■ **HOW TO COMPLETE THIS TASK**:
An unaltered copy of the listing below is required.

■ **SOURCE MATERIAL**:
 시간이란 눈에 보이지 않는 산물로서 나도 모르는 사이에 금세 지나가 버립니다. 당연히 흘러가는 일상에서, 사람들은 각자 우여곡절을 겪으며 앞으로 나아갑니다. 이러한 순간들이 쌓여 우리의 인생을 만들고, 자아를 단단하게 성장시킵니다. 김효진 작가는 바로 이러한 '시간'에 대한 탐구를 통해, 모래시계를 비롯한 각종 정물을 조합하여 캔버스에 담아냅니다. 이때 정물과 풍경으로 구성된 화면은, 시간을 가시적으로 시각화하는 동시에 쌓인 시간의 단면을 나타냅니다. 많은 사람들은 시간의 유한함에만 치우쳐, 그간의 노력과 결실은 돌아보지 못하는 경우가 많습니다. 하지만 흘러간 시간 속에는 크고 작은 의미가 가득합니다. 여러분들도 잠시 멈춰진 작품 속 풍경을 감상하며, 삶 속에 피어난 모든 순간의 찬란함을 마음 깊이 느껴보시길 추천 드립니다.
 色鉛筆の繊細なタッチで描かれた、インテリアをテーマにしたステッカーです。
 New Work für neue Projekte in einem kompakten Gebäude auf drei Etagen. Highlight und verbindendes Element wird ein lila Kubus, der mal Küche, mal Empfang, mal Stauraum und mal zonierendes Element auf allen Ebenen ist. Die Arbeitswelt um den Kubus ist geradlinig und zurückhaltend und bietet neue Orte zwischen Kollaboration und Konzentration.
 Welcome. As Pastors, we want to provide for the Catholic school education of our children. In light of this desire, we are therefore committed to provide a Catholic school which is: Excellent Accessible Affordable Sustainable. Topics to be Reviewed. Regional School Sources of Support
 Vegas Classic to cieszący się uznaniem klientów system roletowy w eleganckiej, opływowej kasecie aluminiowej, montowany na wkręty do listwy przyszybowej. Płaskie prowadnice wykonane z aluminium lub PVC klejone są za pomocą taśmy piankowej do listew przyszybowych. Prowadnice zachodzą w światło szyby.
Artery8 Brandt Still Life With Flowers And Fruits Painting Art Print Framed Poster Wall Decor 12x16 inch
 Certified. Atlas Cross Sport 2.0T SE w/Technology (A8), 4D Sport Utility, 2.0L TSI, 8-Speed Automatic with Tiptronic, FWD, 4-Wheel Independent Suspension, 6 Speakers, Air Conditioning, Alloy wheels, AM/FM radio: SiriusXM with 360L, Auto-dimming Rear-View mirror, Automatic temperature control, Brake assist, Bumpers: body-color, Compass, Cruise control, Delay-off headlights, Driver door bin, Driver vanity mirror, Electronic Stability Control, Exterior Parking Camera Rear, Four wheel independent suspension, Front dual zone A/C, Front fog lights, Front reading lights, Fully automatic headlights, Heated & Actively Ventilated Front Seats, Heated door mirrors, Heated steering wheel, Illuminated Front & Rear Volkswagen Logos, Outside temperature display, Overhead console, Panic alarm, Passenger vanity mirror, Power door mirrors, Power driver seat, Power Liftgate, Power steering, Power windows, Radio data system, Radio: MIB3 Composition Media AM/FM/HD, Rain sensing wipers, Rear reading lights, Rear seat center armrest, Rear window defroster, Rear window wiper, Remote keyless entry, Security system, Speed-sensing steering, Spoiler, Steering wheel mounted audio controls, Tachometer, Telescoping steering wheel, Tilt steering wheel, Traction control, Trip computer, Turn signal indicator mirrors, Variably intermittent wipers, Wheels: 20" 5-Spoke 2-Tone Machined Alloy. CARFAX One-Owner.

■ **RESULT FOR THIS TASK**:
 시간이란 눈에 보이지 않는 산물로서 나도 모르는 사이에 금세 지나가 버립니다. 당연히 흘러가는 일상에서, 사람들은 각자 우여곡절을 겪으며 앞으로 나아갑니다. 이러한 순간들이 쌓여 우리의 인생을 만들고, 자아를 단단하게 성장시킵니다. 김효진 작가는 바로 이러한 '시간'에 대한 탐구를 통해, 모래시계를 비롯한 각종 정물을 조합하여 캔버스에 담아냅니다. 이때 정물과 풍경으로 구성된 화면은, 시간을 가시적으로 시각화하는 동시에 쌓인 시간의 단면을 나타냅니다. 많은 사람들은 시간의 유한함에만 치우쳐, 그간의 노력과 결실은 돌아보지 못하는 경우가 많습니다. 하지만 흘러간 시간 속에는 크고 작은 의미가 가득합니다. 여러분들도 잠시 멈춰진 작품 속 풍경을 감상하며, 삶 속에 피어난 모든 순간의 찬란함을 마음 깊이 느껴보시길 추천 드립니다.
 色鉛筆の繊細なタッチで描かれた、インテリアをテーマにしたステッカーです。
 New Work für neue Projekte in einem kompakten Gebäude auf drei Etagen. Highlight und verbindendes Element wird ein lila Kubus, der mal Küche, mal Empfang, mal Stauraum und mal zonierendes Element auf allen Ebenen ist. Die Arbeitswelt um den Kubus ist geradlinig und zurückhaltend und bietet neue Orte zwischen Kollaboration und Konzentration.
 Welcome. As Pastors, we want to provide for the Catholic school education of our children. In light of this desire, we are therefore committed to provide a Catholic school which is: Excellent Accessible Affordable Sustainable. Topics to be Reviewed. Regional School Sources of Support
 Vegas Classic to cieszący się uznaniem klientów system roletowy w eleganckiej, opływowej kasecie aluminiowej, montowany na wkręty do listwy przyszybowej. Płaskie prowadnice wykonane z aluminium lub PVC klejone są za pomocą taśmy piankowej do listew przyszybowych. Prowadnice zachodzą w światło szyby.
Artery8 Brandt Still Life With Flowers And Fruits Painting Art Print Framed Poster Wall Decor 12x16 inch
 Certified. Atlas Cross Sport 2.0T SE w/Technology (A8), 4D Sport Utility, 2.0L TSI, 8-Speed Automatic with Tiptronic, FWD, 4-Wheel Independent Suspension, 6 Speakers, Air Conditioning, Alloy wheels, AM/FM radio: SiriusXM with 360L, Auto-dimming Rear-View mirror, Automatic temperature control, Brake assist, Bumpers: body-color, Compass, Cruise control, Delay-off headlights, Driver door bin, Driver vanity mirror, Electronic Stability Control, Exterior Parking Camera Rear, Four wheel independent suspension, Front dual zone A/C, Front fog lights, Front reading lights, Fully automatic headlights, Heated & Actively Ventilated Front Seats, Heated door mirrors, Heated steering wheel, Illuminated Front & Rear Volkswagen Logos, Outside temperature display, Overhead console, Panic alarm, Passenger vanity mirror, Power door mirrors, Power driver seat, Power Liftgate, Power steering, Power windows, Radio data system, Radio: MIB3 Composition Media AM/FM/HD, Rain sensing wipers, Rear reading lights, Rear seat center armrest, Rear window defroster, Rear window wiper, Remote keyless entry, Security system, Speed-sensing steering, Spoiler, Steering wheel mounted audio controls, Tachometer, Telescoping steering wheel, Tilt steering wheel, Traction control, Trip computer, Turn signal indicator mirrors, Variably intermittent wipers, Wheels: 20" 5-Spoke 2-Tone Machined Alloy. CARFAX One-Owner.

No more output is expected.